Drug combinations may provide a further option to reduce the number of assays to be run [51, 52]. If you expect that the number of active compounds is low, you may consider pooling multiple compounds and testing them in combination. The number of assay runs may be reduced by an order of magnitude, if 8–12 compounds are pooled and only low number of “hits” is expected. Re-testing of the individual compounds will be necessary for each of the initial hits but since the expected hit ratio is low, it may not present excessive follow-up work. However, potential toxicity of the compounds needs to be considered: a toxic compound can mask the cytoprotective effect of an active compound if the cells are simultaneously treated with both drugs. Thus, the number or ratio of cytotoxic drugs might be the determining factor whether drug pooling is possible or not in a cellular model. On the other hand, this approach may allow us to search for potentiating compounds in a model if the test compounds are used in combination with a drug that provides limited protection [20, 53, 54].
Cell-based screening requires adaptation of cell culture techniques to higher throughput than what is typical in cellular assays and may present unexpected problems associated with the specific cell types or models [55]. The majority of these issues could have been sorted out by automation but the cost of robotic systems that handle cell cultivation remains extravagant. The first automated cell culture stations appeared in the market a decade ago, but these monstrous instruments remained outrageously expensive and very few units have been sold [56, 57]. Highly complex, cell-based models often include procedures that may not be automated and will require manual handling for specific steps. In this case, purchasing an expensive instrument that cannot fully replace the laboratory technician may increase the overall costs. Whereas training technicians specifically for higher throughput cell culture may be advantageous: provides flexibility, predictable costs and allows the introduction of newer models when needed.
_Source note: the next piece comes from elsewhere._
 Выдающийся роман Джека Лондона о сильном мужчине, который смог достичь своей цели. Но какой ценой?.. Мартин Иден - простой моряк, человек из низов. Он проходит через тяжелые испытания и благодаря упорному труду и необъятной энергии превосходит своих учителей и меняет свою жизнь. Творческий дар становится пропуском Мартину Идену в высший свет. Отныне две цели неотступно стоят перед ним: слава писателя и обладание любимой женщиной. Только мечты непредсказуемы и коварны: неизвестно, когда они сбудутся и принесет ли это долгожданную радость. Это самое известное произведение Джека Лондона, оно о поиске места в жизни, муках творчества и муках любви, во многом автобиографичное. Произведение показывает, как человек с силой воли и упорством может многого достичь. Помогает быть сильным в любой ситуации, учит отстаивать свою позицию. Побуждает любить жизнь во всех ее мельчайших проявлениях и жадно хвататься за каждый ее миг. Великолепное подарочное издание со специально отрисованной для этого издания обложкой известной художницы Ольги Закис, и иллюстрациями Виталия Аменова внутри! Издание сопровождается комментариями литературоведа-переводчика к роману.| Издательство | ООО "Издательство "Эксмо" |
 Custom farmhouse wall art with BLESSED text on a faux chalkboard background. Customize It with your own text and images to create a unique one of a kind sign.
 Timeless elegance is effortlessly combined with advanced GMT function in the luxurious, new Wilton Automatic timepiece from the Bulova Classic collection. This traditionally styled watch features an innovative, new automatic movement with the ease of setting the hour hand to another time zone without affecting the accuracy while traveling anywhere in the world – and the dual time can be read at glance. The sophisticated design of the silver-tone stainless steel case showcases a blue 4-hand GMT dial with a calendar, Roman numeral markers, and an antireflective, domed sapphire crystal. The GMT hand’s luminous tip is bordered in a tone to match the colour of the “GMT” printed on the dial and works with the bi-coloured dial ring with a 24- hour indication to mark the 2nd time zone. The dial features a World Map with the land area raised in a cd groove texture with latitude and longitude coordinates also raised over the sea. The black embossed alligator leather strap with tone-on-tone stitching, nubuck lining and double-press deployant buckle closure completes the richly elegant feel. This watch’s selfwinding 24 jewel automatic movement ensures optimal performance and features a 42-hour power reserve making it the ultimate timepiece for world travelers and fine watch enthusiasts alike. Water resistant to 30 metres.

Choosing the right cell type for the primary screen might be the key for discovering novel drugs or drug actions. Primary cells are often propagated for cell-based screening projects, assuming that they more closely mimic the processes of the cells in whole organisms than cell lines. However, primary cells are usually more difficult to grow and their division potential is limited to a few passages, during which they may not maintain their original characteristics. Whereas cell lines are well-characterized, immortalized cells that are easy to maintain and can be resupplied at reasonable costs, if necessary. The reagent and cell maintenance costs are lower for cell lines, as they can be cultured in classic cell culture media and typically grow faster. Human cells may be better suited for drug discovery, since the potential drug targets may not have orthologs in other species or the dissimilarity between the representative proteins may change the binding of compounds to the target [5]. On the other hand, many of the cell-based models use non-human cells either because the preferred cell-line originates from rodents or because the primary cells cannot be freshly isolated from humans. Either way, choosing the best model is more important than the use of human cells, since it is better to loose a few hits because of the differences in orthologs than to identify hits in an irrelevant model. If there are multiple options to choose from, it is worth keeping the lower cost model for the primary screening and use the other cell type as secondary model to confirm the action of hit compounds [58, 59].
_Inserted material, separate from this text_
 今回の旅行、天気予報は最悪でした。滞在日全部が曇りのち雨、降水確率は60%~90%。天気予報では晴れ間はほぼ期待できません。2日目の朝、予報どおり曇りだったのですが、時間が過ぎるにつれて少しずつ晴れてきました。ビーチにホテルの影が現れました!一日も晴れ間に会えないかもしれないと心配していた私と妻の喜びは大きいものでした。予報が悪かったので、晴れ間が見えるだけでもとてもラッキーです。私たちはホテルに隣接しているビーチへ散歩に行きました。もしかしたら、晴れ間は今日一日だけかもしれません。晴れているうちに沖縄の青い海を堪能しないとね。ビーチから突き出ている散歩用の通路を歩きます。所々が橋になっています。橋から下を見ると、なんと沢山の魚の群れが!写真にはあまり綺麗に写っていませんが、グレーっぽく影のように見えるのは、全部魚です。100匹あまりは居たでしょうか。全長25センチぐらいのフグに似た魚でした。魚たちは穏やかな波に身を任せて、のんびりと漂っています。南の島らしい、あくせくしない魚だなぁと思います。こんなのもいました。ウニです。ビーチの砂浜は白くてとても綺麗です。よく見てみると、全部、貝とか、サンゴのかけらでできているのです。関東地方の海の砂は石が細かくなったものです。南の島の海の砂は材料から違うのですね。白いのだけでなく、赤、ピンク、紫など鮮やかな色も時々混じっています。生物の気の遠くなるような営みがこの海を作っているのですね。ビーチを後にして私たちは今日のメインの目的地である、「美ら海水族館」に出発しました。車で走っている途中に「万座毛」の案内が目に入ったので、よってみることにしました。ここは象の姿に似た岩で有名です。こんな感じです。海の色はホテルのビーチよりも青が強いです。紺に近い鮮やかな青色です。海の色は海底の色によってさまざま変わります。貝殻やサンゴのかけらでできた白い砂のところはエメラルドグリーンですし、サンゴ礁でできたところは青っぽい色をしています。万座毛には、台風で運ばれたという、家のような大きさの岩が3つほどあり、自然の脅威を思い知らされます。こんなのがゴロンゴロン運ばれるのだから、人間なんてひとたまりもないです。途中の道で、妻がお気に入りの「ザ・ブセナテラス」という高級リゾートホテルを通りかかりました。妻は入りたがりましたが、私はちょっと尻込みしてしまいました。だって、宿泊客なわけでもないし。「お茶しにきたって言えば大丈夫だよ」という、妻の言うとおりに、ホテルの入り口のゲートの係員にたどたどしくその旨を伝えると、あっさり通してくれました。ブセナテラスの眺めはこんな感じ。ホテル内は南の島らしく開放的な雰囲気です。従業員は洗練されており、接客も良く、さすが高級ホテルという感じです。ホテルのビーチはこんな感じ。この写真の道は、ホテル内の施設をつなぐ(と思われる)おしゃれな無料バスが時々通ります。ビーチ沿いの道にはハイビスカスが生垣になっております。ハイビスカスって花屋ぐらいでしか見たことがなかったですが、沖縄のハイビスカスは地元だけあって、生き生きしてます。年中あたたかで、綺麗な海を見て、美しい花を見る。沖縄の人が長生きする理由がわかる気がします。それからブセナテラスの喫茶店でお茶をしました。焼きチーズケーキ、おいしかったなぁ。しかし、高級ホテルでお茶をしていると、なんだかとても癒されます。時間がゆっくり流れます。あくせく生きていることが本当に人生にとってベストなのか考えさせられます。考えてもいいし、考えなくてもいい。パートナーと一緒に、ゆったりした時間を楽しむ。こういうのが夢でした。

Assay miniaturization is necessary to reduce the costs of cell culture and the assay-associated expenses [60]. Although, the ultimate goal is to minimize reagent costs, the power of testing treatments in larger cell populations will remain high and may be preferential depending on the model or assay type [61, 62]. Thus, 96-well cell culture plates are often used in more complex assays, while 384- and 1536-well plates can be used for simple assays when the assay readout is expected to change considerably with the treatments. In a simple cell viability assay, if the cellular injury reduces the viability by 50% and we expect that our drug treatment may provide a partial protection against the injury (e.g. 20% survival benefit) then the pipetting error and imprecision of the measurement may not allow us to downsize the assay. It should be noted that in cell culture, miniaturization involves a more complex adaptation of the cell cultivation process than proportional scaling down of the number of seeded cells and all the reagents. Differences in aeration and temperature fluctuations occur between the wells based on their respective position on a plate: typically the edges are exposed to excessive temperature changes, evaporation and better oxygenation, while the inner wells are more homogeneous in this respect but they do not have comparable gas exchange and the cells may grow slightly slower in them. As a result, the outer wells may be excluded from analysis, leaving only 60 wells on a 96-well plate or 308 wells on a 384-well plate, thus 5-times higher number of treatments might be tested on a 384-well plate.
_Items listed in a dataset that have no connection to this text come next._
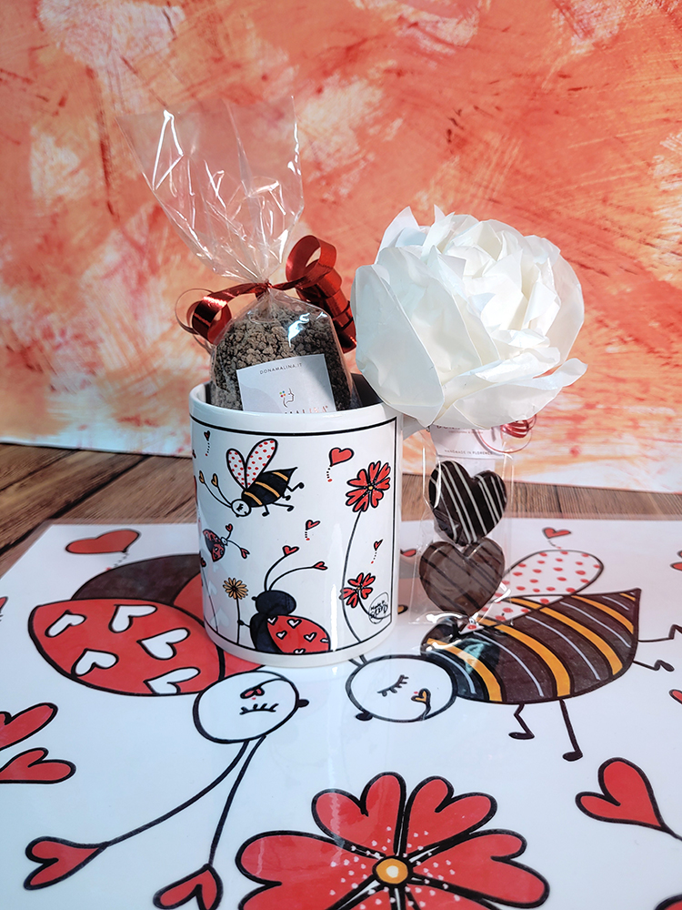 “APE – COCCINELLA” è un disegno originale Made in Sipario, che dopo essere stato colorato e decorato a mano viene stampato sulla tazza, così che ogni pezzo è la replica di una vera opera d’arte dei nostri Artisti Speciali, ideale per un “regalo speciale” alla persona che più ami.
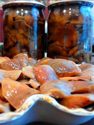 Habituellement, seuls des chapeaux sont utilisés dans la préparation des champignons marinés ou salés, coupant les jambes en deux. Beaucoup de gens pensent que le lait de safran a une jambe amère, alors ils le jettent. Notez que ce n'est pas la bonne conclusion, car si la jambe est amère, le chapeau l'est aussi.
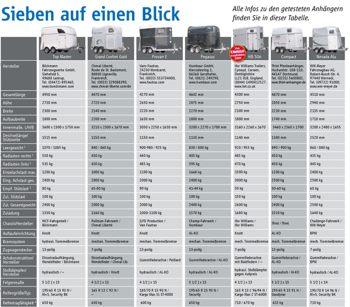 En 2009, la revue allemande CAVALLO (voir le site internet) a publié un test comparatif de quelques vans. Le test est visible sur cette page (l'article est en Allemand).

Contamination is a major issue in cell-based screening, because of the higher throughput of assays and steps that may not be carried out in an aseptic environment [63, 64, 65]. Compound libraries are often provided in solutions that are not sterile, though the drugs are dissolved in DMSO and there is little chance for bacterial contamination. The dilution step of compounds may be associated with contamination risk, partly because the storage plates often use tube caps that require manual handling and cannot be removed by a robotic system or because the pipetting station used for the dilution step does not fit in a biosafety cabinet. Also, experimental devices that are necessary to induce cellular injury may be utilized in some models and these instruments may exceed the size limits of a laminar flow cabinet [59]. While contamination risk may be minimized by careful planning of experiments, it is often impossible to eliminate all sources of bacterial contaminants. If the cell cultivation procedure is longer because the cells require longer differentiation steps, or the assay investigates the long-term survival of cells, the risk of contamination will also increase. In general, assays terminated within 3–4 h following the injury or drug treatment, may allow that some of the steps are carried out on the benchtop and may not require to work in a biosafety cabinet, since the bacterial growth becomes exponential after a lag phase and within this time-frame the low level of contaminants impose little risk of interfering with the assay [66]. However, longer exposures or assay runs requisite that all the steps are performed in a biosafety cabinet using sterile technique. It is essential to plan regular decontamination and sterilization of the instruments to avoid generating false data because of contaminants [67].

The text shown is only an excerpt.